I had fun getting mine, and it impresses people who are impressed by that sort of thing (none of whom control the purse strings). Otherwise, what k8t said: Useless.
posted by bryon at 6:22 AM on September 3, 2010

I think the general opinion of the degree is that it matters most to the person who gets it. Depending on their situation (are they now employed? massively in debt? debt free? in an unrelated field? did they get it as a way to get out of a PhD they realized they didn't want?) they may find the degree personally valuable or useless. In other words - it's up to you and your situation as to what it means.

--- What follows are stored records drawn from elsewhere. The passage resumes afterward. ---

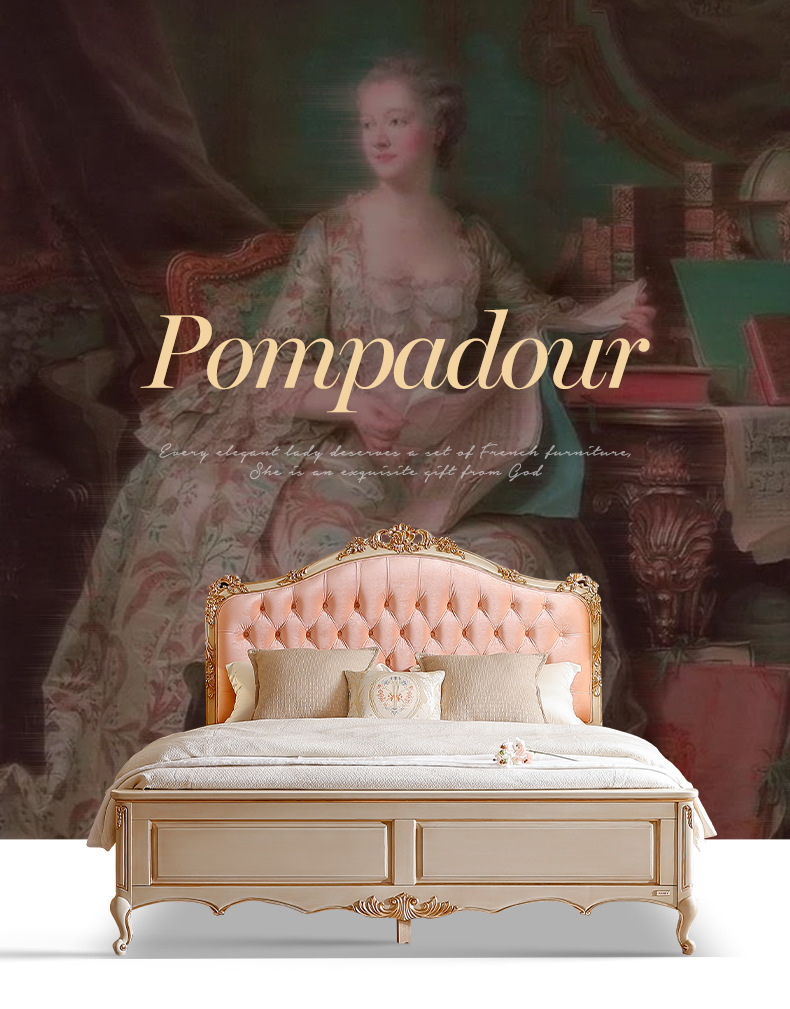 Benoguo Palace 복고풍 작은 프랑스 패브릭 침대 빌라 유럽 스타일 침실 단단한 나무 공주 침대 신혼 핑크 대형 침대스토어 가기
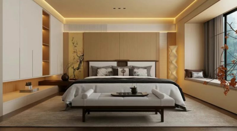 床頭木作裁出留白素凈,墻間梅枝探入宋人疏朗,燈影是宣紙上暈開的暖黃。松板輕軟承一夜清夢,胡桃雅色裹歲時靜穆。這方室里,宋式的簡淡與材料的柔潤相和,織就滿室淡遠溫良,每一寸都是東方雅意的輕語。
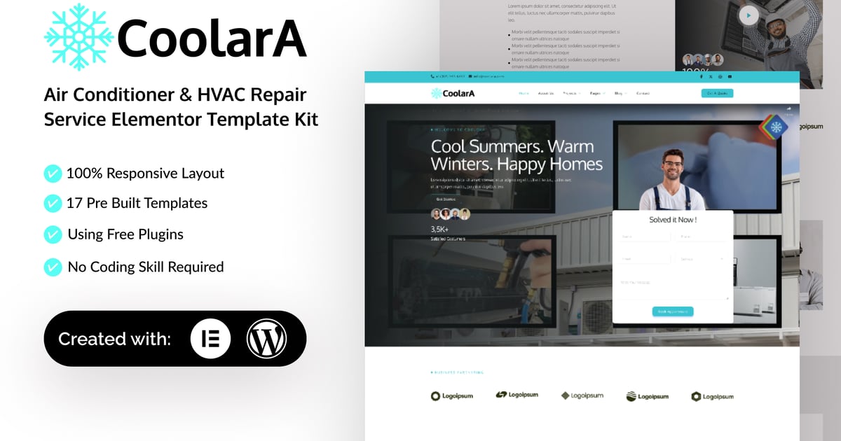 Coolara is a professional, modern and clean Elementor Template Kit designed for HVAC or air conditioning repair business. Built for WordPress, it seamlessly integrates with Elementor, enabling you to craft a professional website effortlessly—no coding skills required.
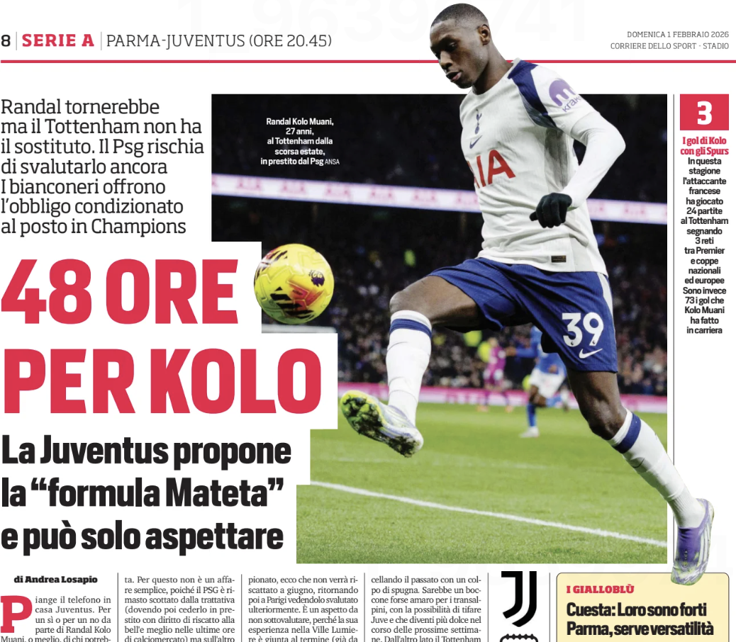 Tottenham’s Randal Kolo Muani finds himself on the front page of Sunday’s Corriere dello Sport. Inside the newspaper the Spurs player is also prominent, as Juventus try to secure him before the deadline.
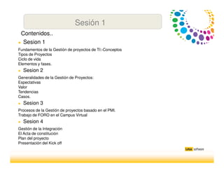 El documento presenta una introducción a la gestión de proyectos. Cubre conceptos como tipos de proyectos (proyectos, subproyectos, programas y portafolios), ciclo de vida de proyectos y sus fases (inicio, planificación, ejecución, supervisión y control, cierre). También describe los conocimientos y procesos clave de gestión de proyectos según el PMI como la integración, alcance, tiempo, costos, calidad, recursos humanos, comunicaciones, riesgos y adquisiciones. El documento
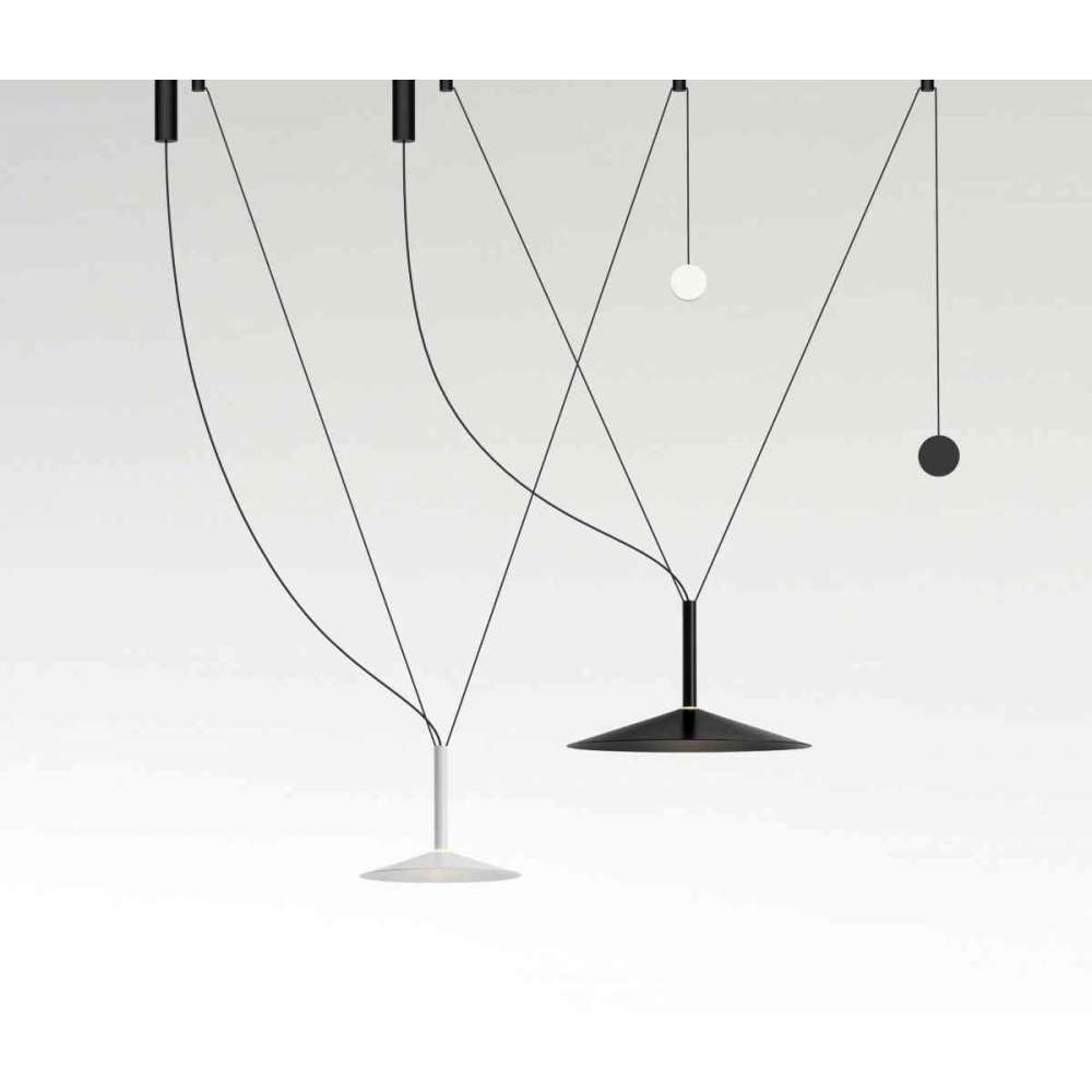 syntetyzując go w jak największym stopniu, pozostaje tylko cylindryczny korpus, zawieszony na wbudowanej diodzie LED. Do tego cylindra możemy dodać różne stożkowe odcienie w dwóch kolorach, oyster white i black, w kilku rozmiarach. Ale najbardziej pomysłowe jest to, że każda z tych lamp może mieć prostą przeciwwagę, tak że gdy są zawieszone między dwoma punktami, można je przesuwać.
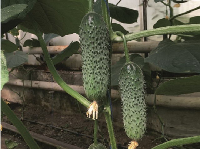 Гибрид отличается превосходной завязываемостью плодов даже в стрессовых условиях (1-2 завязи в узле). Плоды крупные, длиной 14-16 см, массой 120-140 г, цилиндрической формы. Они имеют темно-зеленый цвет и сильно выраженную бугорчатость. Важной особенностью является способность плодов при перерастании удлиняться, сохраняя пропорции и товарный вид. Гибрид лоялен к почвам с повышенной соленостью (высокий EC).
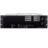 The VX-3016F frame is one of three system managers of TOA's VX-3000 series rack-mount type public address and voice evacuation system certified according to the European Standard EN 54-16.\nIt provides 16 speaker line outputs/zones. Either one amplifier drives all 16 line outputs/zones or two amplifiers drive 8 line outputs/zones each. Up to three additional VX-3016F frames without amplifiers can be added to expand the number of zones of the version with one amplifier installed. The amplifier modules can be easily mounted and removed. Up to two power amplifier modules of different wattages can be mounted, of which the second one can either be used for the zones or as a standby amplifier. The standby amplifier, when mounted, can be shared among other VX-3000F units. Each amplifier channel has the following DSP functions: different filter types (PEQ, HPF, LPF, shelving, CD-horn EQ, notch), compressor and delay that enables appropriate acoustic adjustment for any broadcast area. The smart ANC function enables the control of ambient noise and is not affected by the audio signal it controls. Therefore, the sensor’s installation location is not critical. The monitoring of the speaker lines can be selected between impedance monitoring with selectable pilot tone or by end-of-line modules.\nThe VX-3016F has 4 balanced audio input terminals from microphone up to line level sensitivity, with phantom power selection for microphone use. The inputs can also be set for receiving an emergency broadcast from another VA system of higher priority and broadcast it under the condition of the emergency mode. Up to 8 remote microphones can be connected via RJ45 ports; two of which can be emergency microphones. The following DSP functions are available for each input channel: different filter types (PEQ, HPF, LPF, shelving) and compressor. Helpful features such as feedback suppressor or voice-controlled broadcast activation (VOX) enhance the usability of the system.
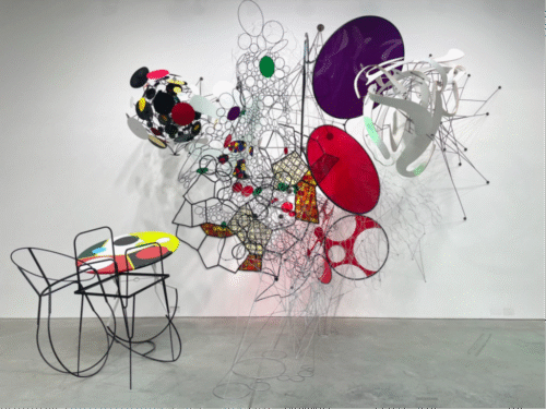 Judy Pfaff has never played by the rules—her art bends them, her teaching breaks them, and her career is proof she never needed them. A MacArthur “Genius” who reshaped installation art, she has spent five decades throwing order out the window in favor of energy, movement, and sheer creative force. That ethos is on full display at Art Cake in Brooklyn, where Pfaff and three former students have reunited—not in a classroom, but as equals in a space that refuses to sit still.

But since you asked here's my perspective. Unless you need it for your job to get a pay raise (public school teacher, sometimes MBA in the corporate world, etc.) it's a notch above soking weed and doing crossword puzzles everyday for 1 or 2 years. Just go out and get some field experience (unpaid, maybe but free!) instead.
posted by WeekendJen at 7:56 AM on September 3, 2010

posted by WeekendJen at 7:57 AM on September 3, 2010

I have a MA in Humanities, with a specialization in Literature, as well. Most people who teach get useless, quick MAs just to get a bump in pay. I teach, but didn't do this. I am part of the liking learning for learning's sake group. There were things I wanted to spend more time with as I got older, so I did. Useless to some maybe, but it enriched my life nonetheless.